Por la mañana, Penélope se despertó una vez más en una cama vacía y se vistió con la ayuda de Matilda. Después, ambas salieron en busca de Tyrion.

—Tyrion habla de que necesito descansar, pero ya van dos veces que me despierto y no está en la cama. Matilda, ¿dónde está mi ocupado esposo? —preguntó Penélope, queriendo ir directamente a él.

—Creo que está en el techo tratando de…

—¿Techo? —chilló Penélope.

Penélope no había traído a Tyrion aquí para que se cayera del techo y se lesionara. ¿Cómo podría enfrentarse a Hazel y a Tobias si eso ocurriera?

Penélope recogió los lados de su vestido y corrió hacia el exterior.

—¿Por qué está allá arriba?

Matilda corrió tras Penélope.

—Hubo una gotera durante la noche, así que el príncipe se ofreció a ayudar a arreglarla antes de que empeorara. Hay otros arriba con él.

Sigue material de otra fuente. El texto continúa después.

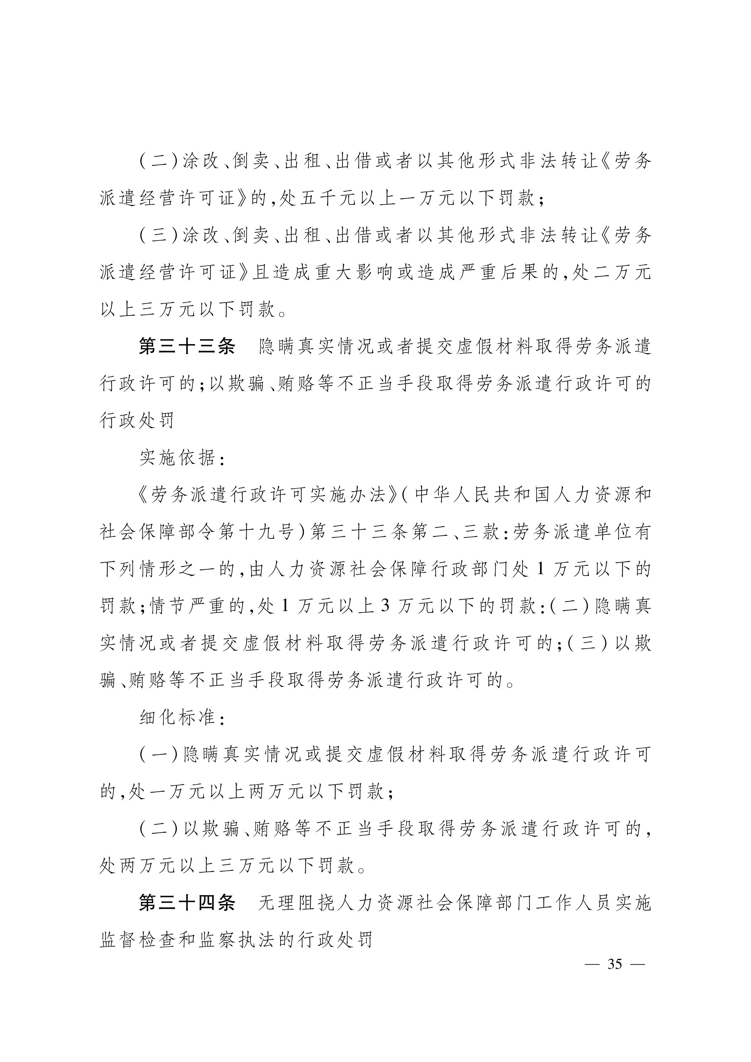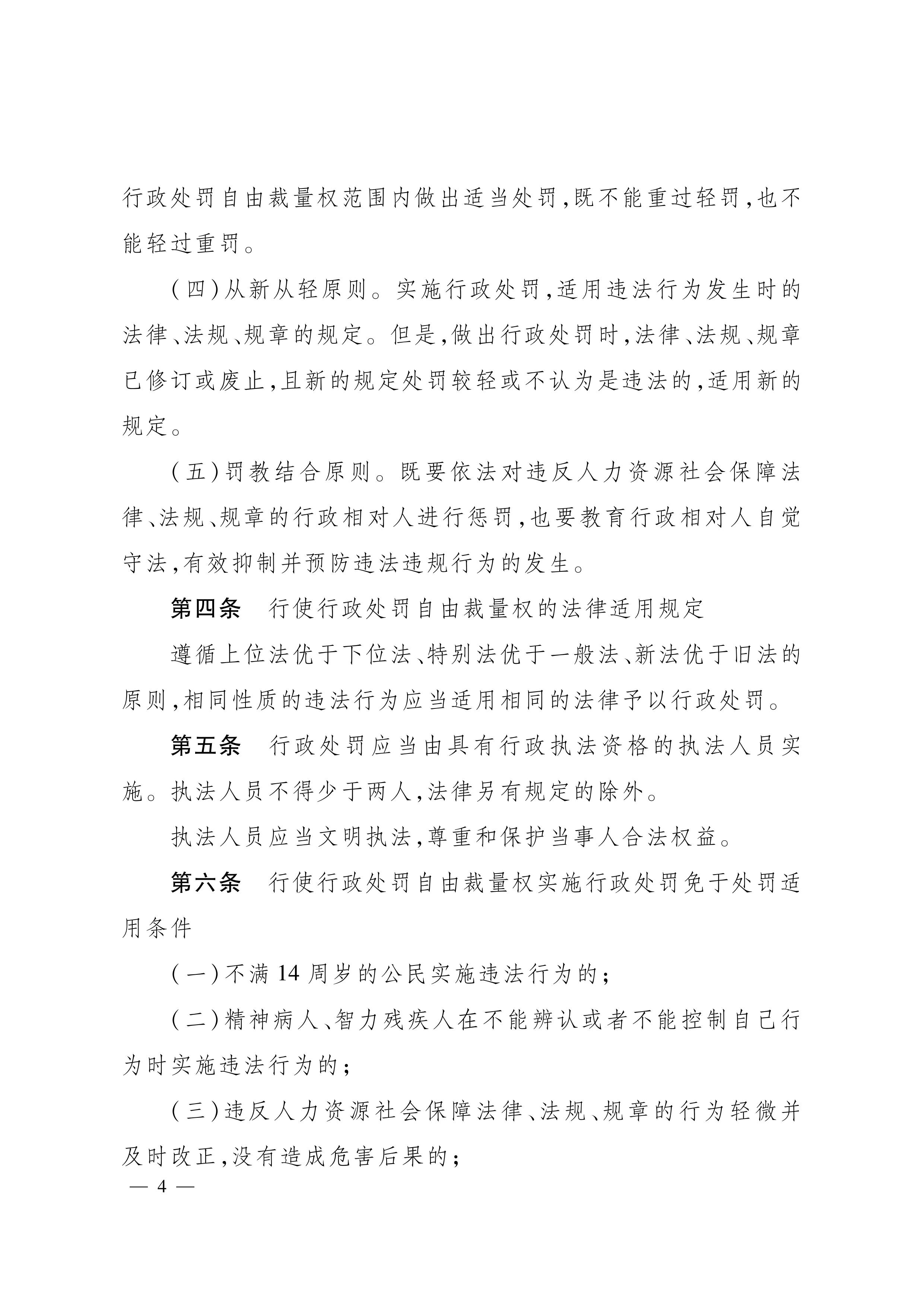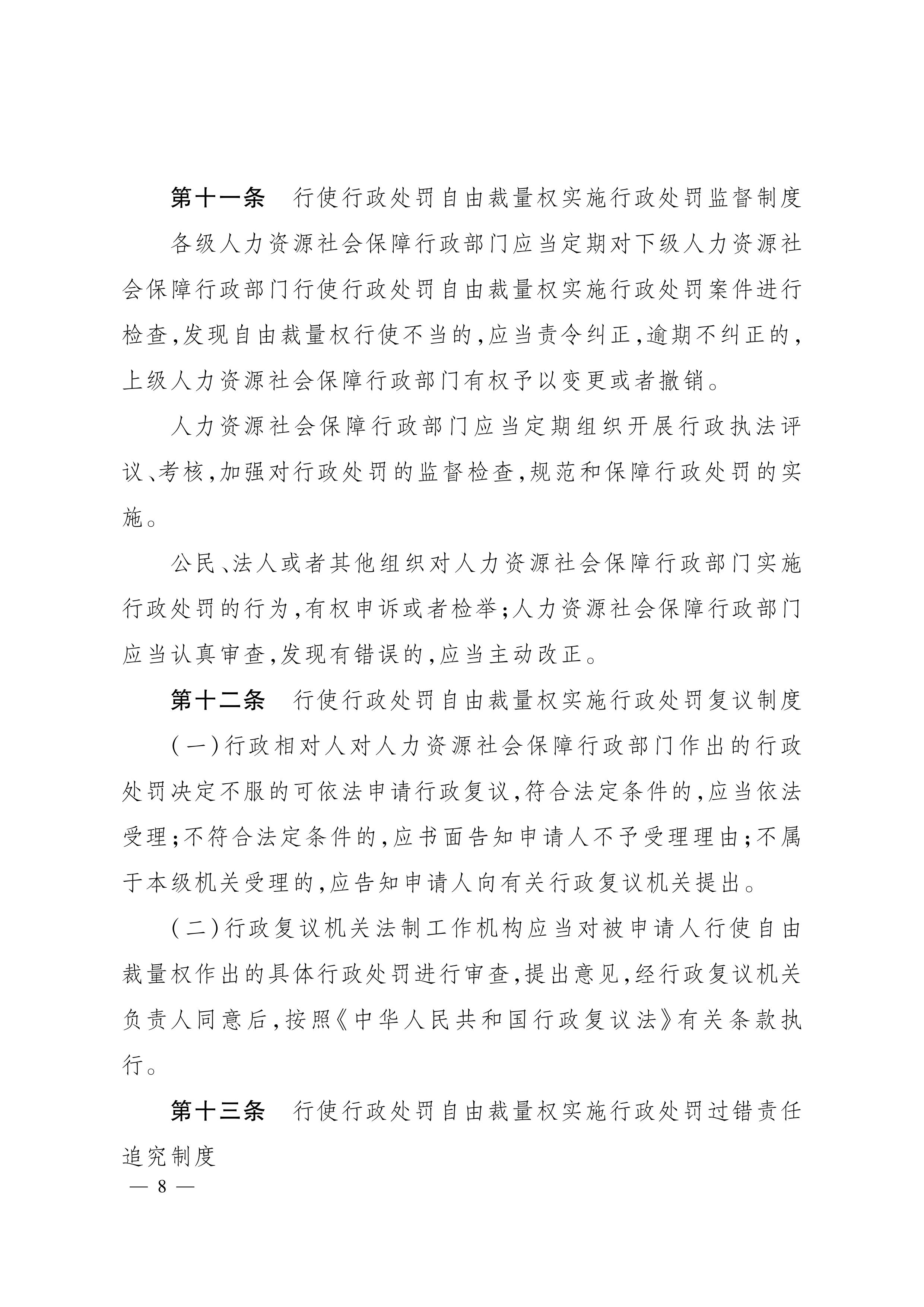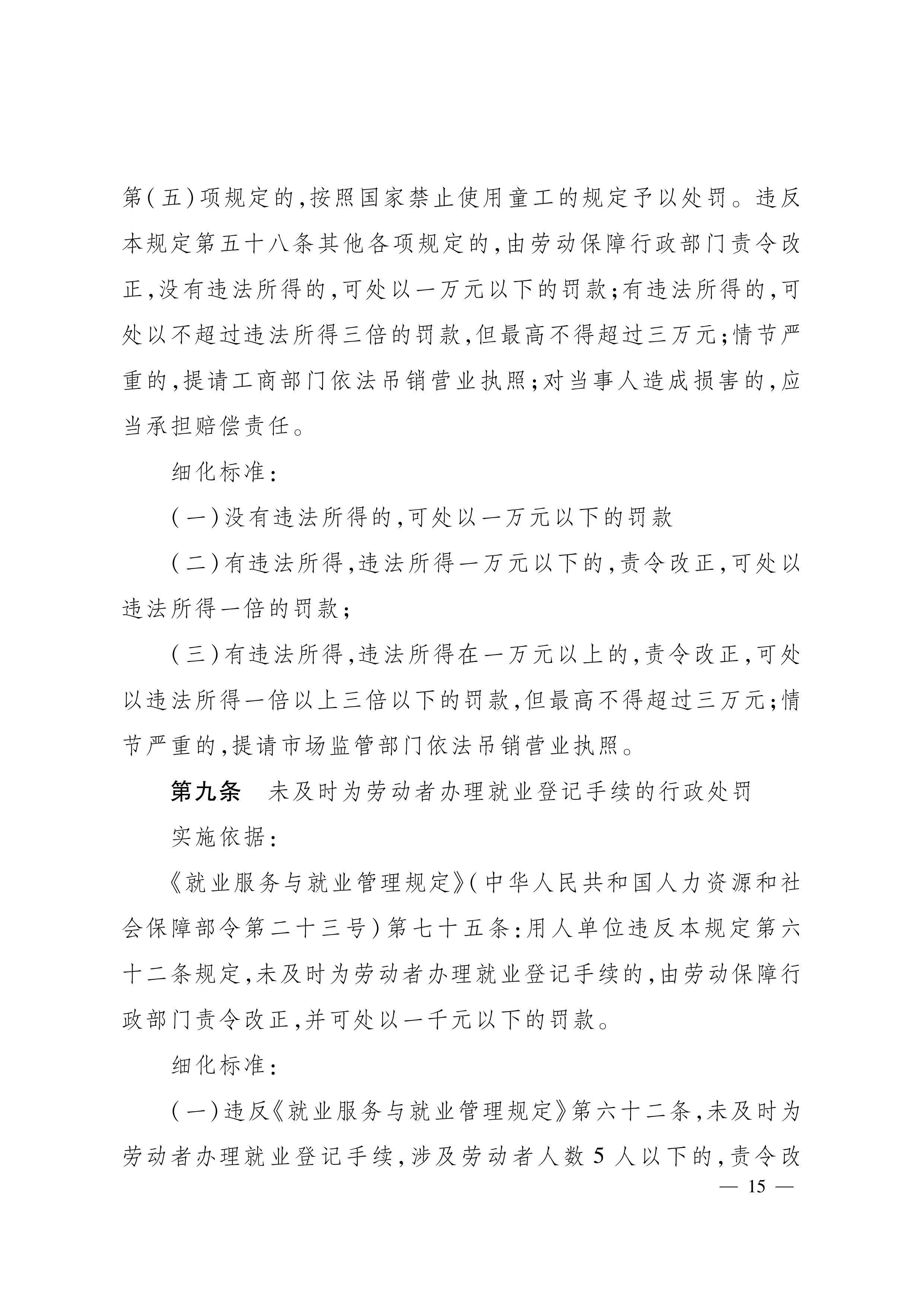 涞源县人力资源和社会保障局行政处罚自由裁量权适用规则

Matilda no pensaba que Penélope necesitara preocuparse, ya que todos los caballeros se habían reunido debajo del techo donde estaba Tyrion para atraparlo en caso de que cayera. Todos los demás ya estaban preocupados y se habían posicionado para ayudarlo.

—Tyrion ha vivido toda su vida en un palacio. No sabe nada sobre cómo arreglar un techo. No permitiré que se lastime después de que acabamos de llegar —dijo Penélope.

Penélope corrió afuera, donde se habían reunido muchos de los sirvientes y caballeros. Todos estaban preocupados por Tyrion, mientras que él estaba más interesado en el techo.

—¡Tyrion! —la voz de Penélope se escuchó claramente por encima del murmullo de los sirvientes—. ¿Qué estás haciendo?

Tyrion miró hacia abajo a su esposa, que no parecía muy contenta.

—¡Ayudando a arreglar una gotera! ¡Ya casi terminamos!

—¿Por qué estás ahí arriba? ¡Nunca has arreglado nada en tu vida, y ese no es el lugar para empezar! —gritó Penélope para que pudiera oírla.

—¡Estoy comenzando una vida normal como tú querías! —gritó Tyrion en respuesta.

Penélope frunció el ceño, molesta de que mencionara eso ahora.

—No importa, Matilda. Espero que se caiga y aprenda la lección.